> [DATA BLOCK]:

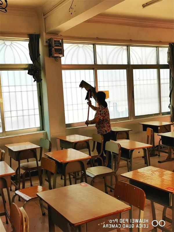 为统筹推进新冠肺炎疫情防控,营造洁净的校园环境,做好学校复学复课相关准备工作,确保师生的生命安全和身体健康,5月3日,总务科协同深圳宝晨物业公司的52名工作人员对校园内所有区域开展了全方位消毒和卫生大扫除工作。
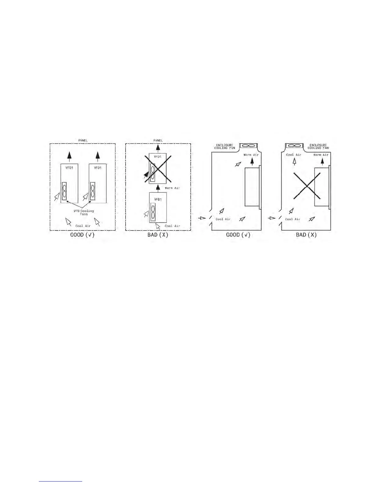 should provide adequate airflow for all the VFDs. Do not install VFD above another
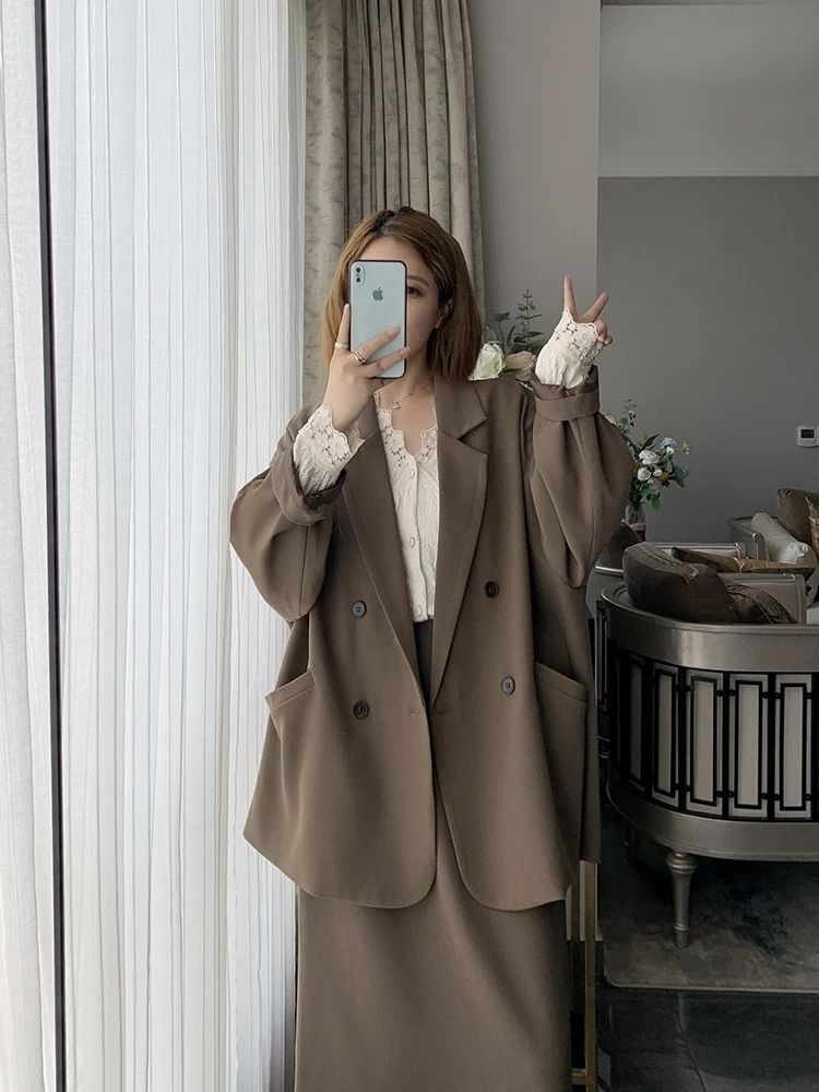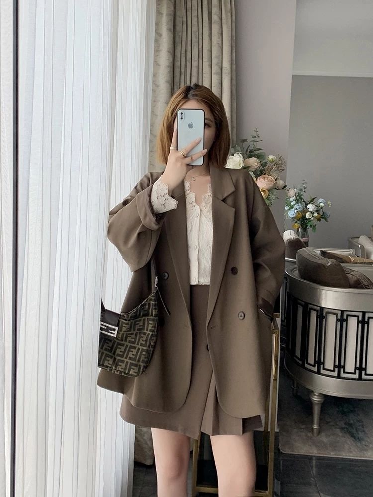 Blazer de Otoño Primavera de Alta Calidad Estilo Coreano Nuevo 2025 Traje Pequeño Suelto de Temperamento para Mujer Abrigo Trench

> [YOUR OBJECTIVE]: What's needed is a word-for-word retyping of the listing, minus its pictures.

> [TASK ANSWER]:
 为统筹推进新冠肺炎疫情防控,营造洁净的校园环境,做好学校复学复课相关准备工作,确保师生的生命安全和身体健康,5月3日,总务科协同深圳宝晨物业公司的52名工作人员对校园内所有区域开展了全方位消毒和卫生大扫除工作。
 should provide adequate airflow for all the VFDs. Do not install VFD above another
 Blazer de Otoño Primavera de Alta Calidad Estilo Coreano Nuevo 2025 Traje Pequeño Suelto de Temperamento para Mujer Abrigo Trench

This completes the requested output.